Midsize SUVs Disappoint in Small Overlap Front Crash Test
The Chevrolet Equinox and its twin, the GMC Terrain, are the only midsize SUVs out of nine evaluated to earn a good rating in the Insurance Institute for Highway Safety (IIHS) small overlap front crash test, which continues to challenge manufacturers more than a year and a half after its introduction.
The Equinox and the Terrain qualify for the Institute's highest award for 2014, TOP SAFETY PICK+. The Toyota Highlander, a midsize SUV whose acceptable small overlap rating was announced in December, also qualifies. The award is given to vehicles with a good or acceptable small overlap rating, good ratings in four other occupant protection tests, and a rating of basic or higher for front crash prevention.
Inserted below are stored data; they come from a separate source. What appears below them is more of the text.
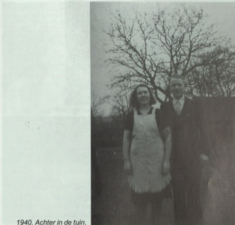
1940. Achter in de tuin.
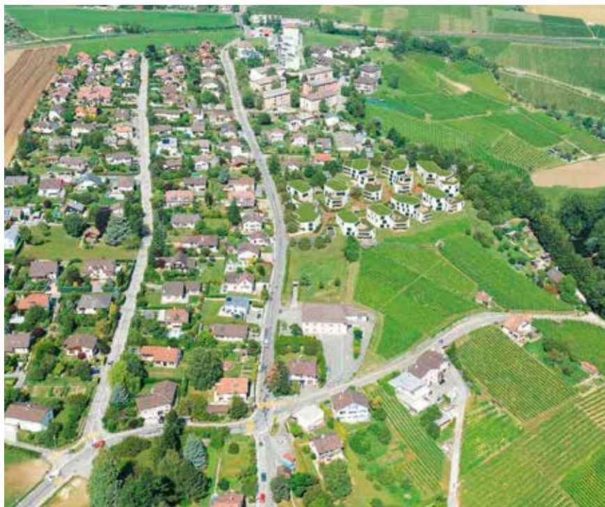
An den Grenchner Wohntagen 2015 war auch die Überbauung Vitis in Boudry (NE) als Beispiel für eine optimale Einbettung von Neubauten in die Natur ein Thema.

auch einen Forschungsauftrag. Um Resultate und erarbeitetes Know-how unter die Leute zu bringen, wurden die Grenchner Wohntage ins Leben gerufen. Seither gibt es alle Jahre eine Fachtagung und weitere Anlässe für ein breites Publikum. Für die doch eher trockene Arbeit des Statistikers ein richtig guter Auftrag.
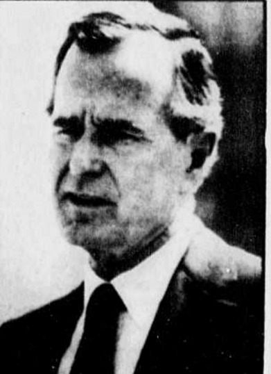
Le vice-président George Bush

A cet égard, le candidat républicain s'est déclaré prêt à poursuivre les négociations avec l'URSS sur la réduction des ar-
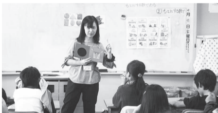
▲小学校での英語の絵本を使った授業の様子
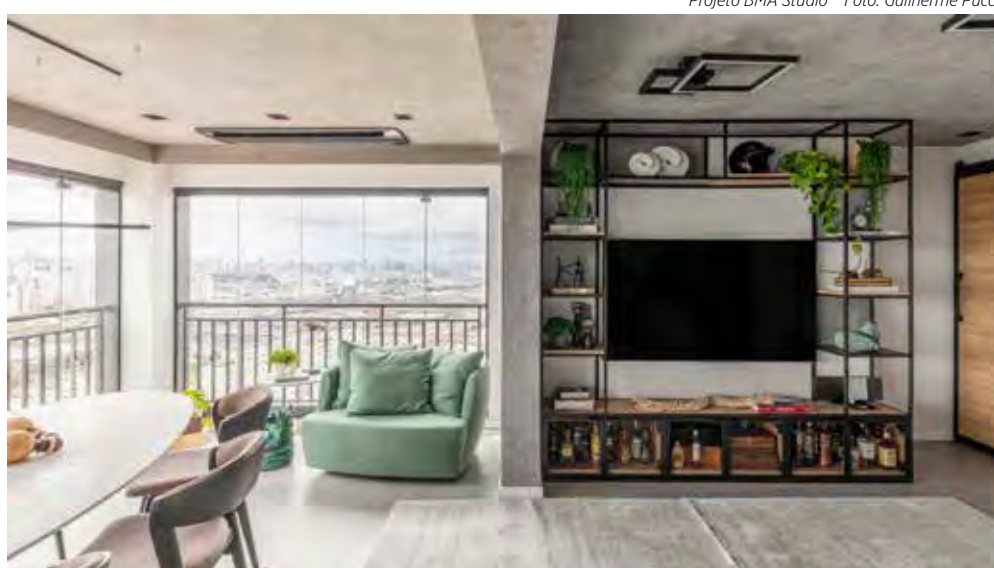
O estilo industrial, tão marcante em cada detalhe deste projeto, está presente desde a serralheira até a rusticidade moderna da aparência do cimento queimado

“Eles deixaram de ser vistos como truncados e desfavorecidos. Além da execução tradicional, o
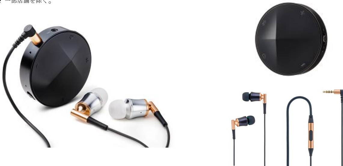
<製品ラインアップ>
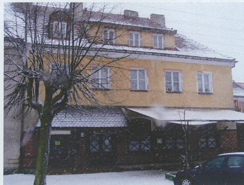
Elewacja zachodnia d
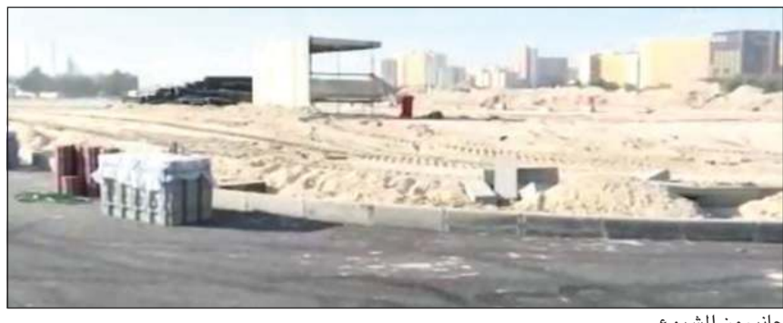
جانب من المشروع
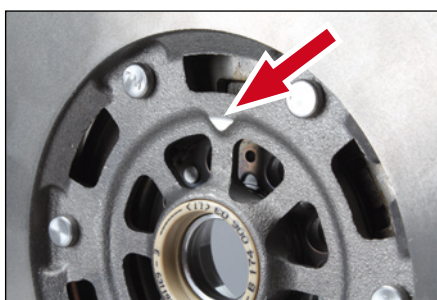
Figuur 3: Driehoekig merkteken aan de versnellingsbakzijde.

U vindt de overeenkomstige wisselstukken in onze online catalogus op www.schaeffler-Aftermarket.com of via RepXpert www.RepXpert.com
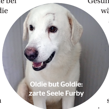
Oldie but Goldie: zarte Seele Furby

Schmitz. Der aufgeweckte Macchia wird sich schnell in eine Familie integrieren. Und Furby hätte doppelte Geborgenheit – durch Macchia und gute Menschen – mehr als verdient. So sucht das Notfell-Pärchen auf diesem Weg sein Glück zu zweit bei liebevollen Hundeverstehern, die wahre Freundschaft zu schätzen wissen. ULRIKE HAVERKAMP
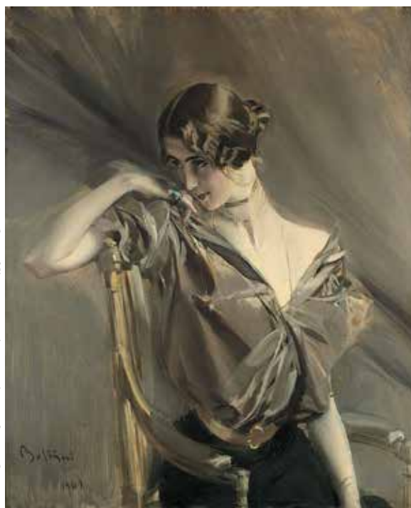
Формы: http://www.gcometrefluide.com/foto/PI/C27880.jpg / Wikipedia
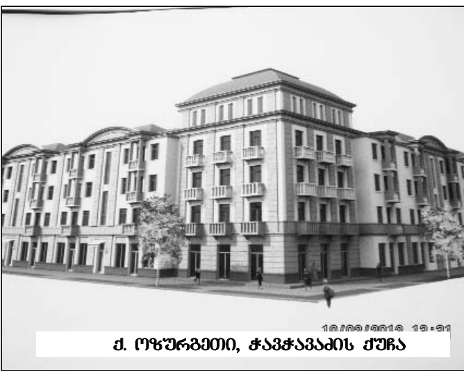
მ. ოზურგეთი, ჭავჭავაძის ქუჩა

ამის გარდა გაგრძელდება ქუჩების ასფალტირების, გაზიფიკაციის, წყლის სისტემების, განათების, მრავალბინიანი სახლების გადართვის და სხვა სამუშაოები. ამ თემებს ეტაპობრივად გაგაცნობთ.— თქვა მან.
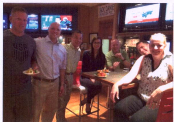
體驗美國文化 Pub 餐敘
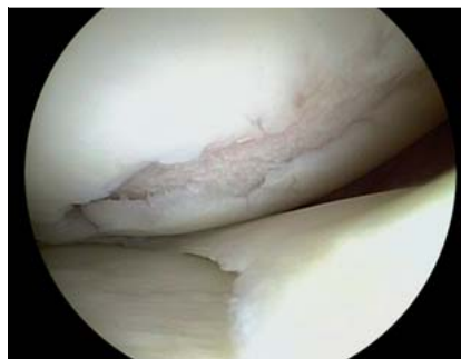
Abb. 1 Der isolierte Knorpelschaden III. und IV. Grades nach ICRS-Klassifikation bei intakter korrespondierender Gelenkfläche, sowie intaktem Umgebungsknorpel stellt die geeignete Indikation zur ACT dar.

Aus Sicht der Autoren ist die Abrasionsarthroplastik [25,26] nicht als knochenmarkstimulierendes Verfahren zur Behandlung von isolierten Knorpelschäden etabliert und wird eher im Rahmen der Arthrosetherapie eingesetzt. Auf Basis der verfügbaren Literatur stellt die arthroskopische Mikrofrakturierung das Verfahren mit der besten Evidenzlage innerhalb der knochenmarkstimulierenden Therapien dar, weshalb im Folgenden auf diese Methode eingegangen werden soll.
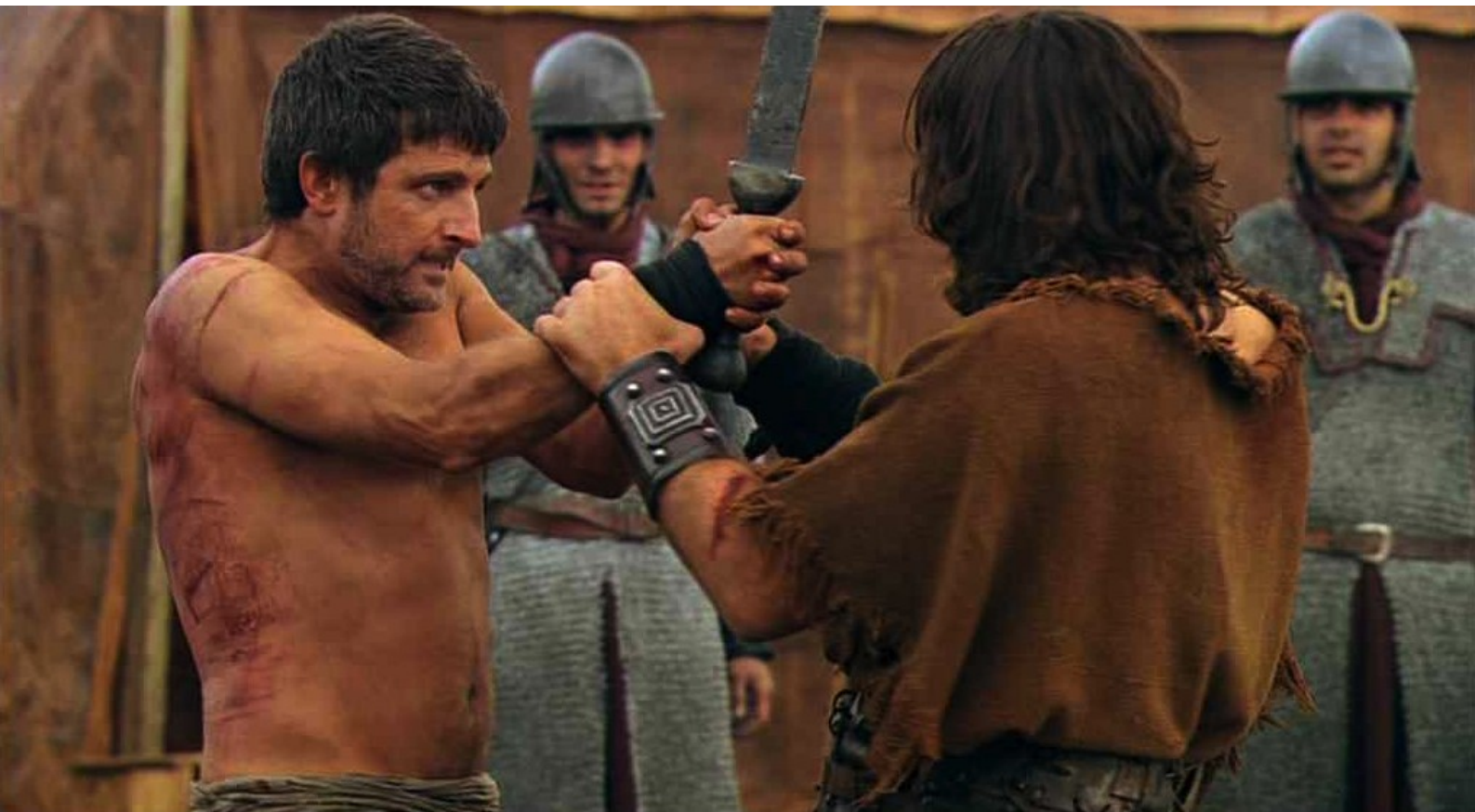
Hispania, la Leyenda : dans un duel sans pitié ;
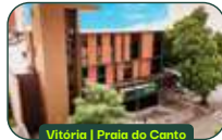
Vitória | Praia do Cento
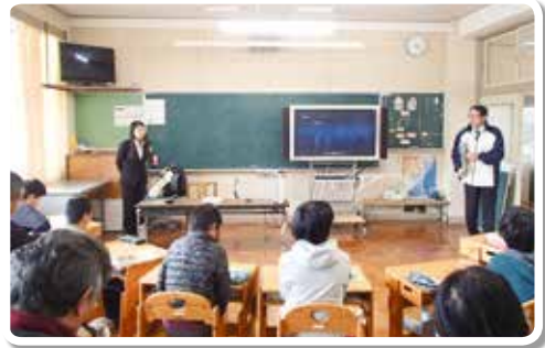
H29.12.12 古座川町立三尾川小学校・ 明神小学校 (合同) (講師：協会職員)
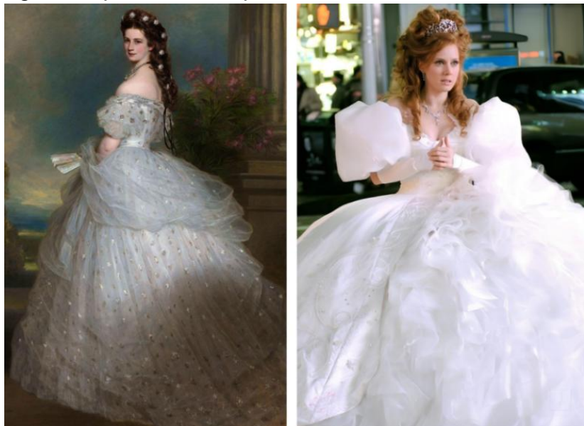
Figura 3: Imperatriz Sissi e o primeiro vestido de Giselle

Fonte: Portrait of Empress Elisabeth of Austria 7 (Winterhalter, 1865). / Frame retirado do filme Encantada (Disney, 2007).
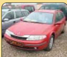
Renault Laguna Grandtour 1.9 dCi, r. v. 2003, 24 800 km, aut. klima, 8x airbag, ESP, ABS, CD, el. okna a zrcátka, centrální a další. Cena: 379 000 Kč.
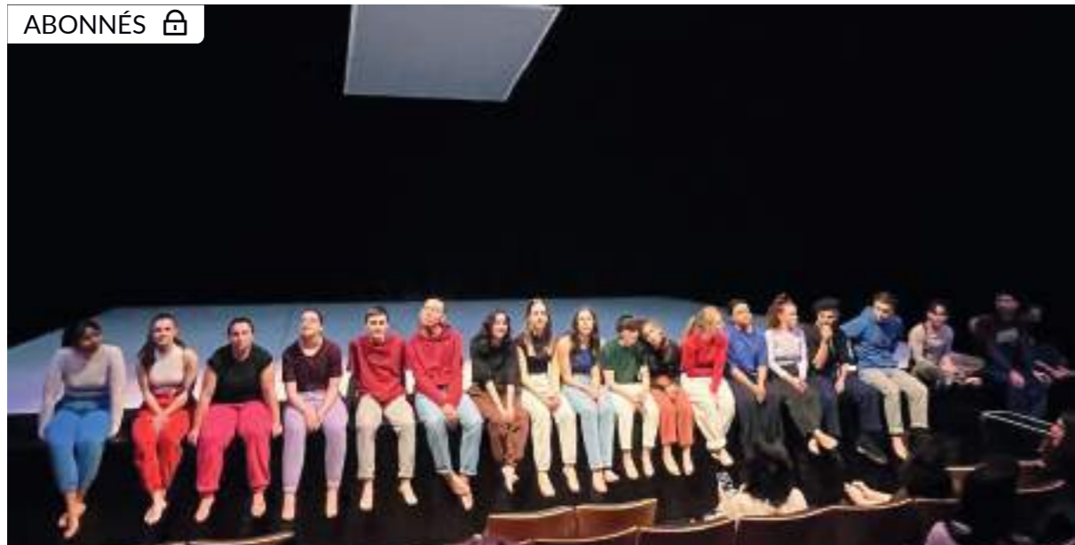
Les élèves de Sarsan en "récréation" avec Dans6t.

Three midsize SUVs in the test group received a 'poor' rating for small overlap protection, including the Kia Sorento, the Mazda CX-9 and the Honda Pilot. Three others received a 'marginal' rating, including the Ford Explorer, Jeep Grand Cherokee and Toyota 4Runner. The Highlander earned an 'acceptable' rating.
"SUVs have gotten much safer over the past few generations, but some are better than others at providing comprehensive front crash protection," says David Zuby, IIHS executive vice president and chief research officer. "When it comes to midsize SUVs, General Motors is showing the way forward. The Equinox and Terrain score well in all components of the small overlap test — structure, restraints and kinematics, and injury measures for four body regions."
The small overlap test replicates what happens when the front corner of a vehicle collides with another vehicle or an object such as a tree or utility pole. In the test, 25 percent of a vehicle's front end on the driver's side strikes a rigid barrier at 40 mph.
The Honda Pilot was the worst performer in this group. The driver's space was seriously compromised by intruding structure. In the worst instance, the parking brake pedal moved inward 16½ inches. The dummy's head barely contacted the frontal airbag before sliding off the left side, as the steering column moved 5½ inches to the right. Measures taken from the dummy showed injuries to the left hip would be likely in a crash of this severity, and injuries to the left knee and both lower legs would be possible.
A good or acceptable rating for small overlap protection, along with good ratings in the moderate overlap front, side, roof strength and head restraint tests, is now a requirement for IIHS TOP SAFETY PICK designation. The Equinox, Terrain and Highlander all earned the higher accolade of TOP SAFETY PICK+ because each is available with an optional front crash prevention system.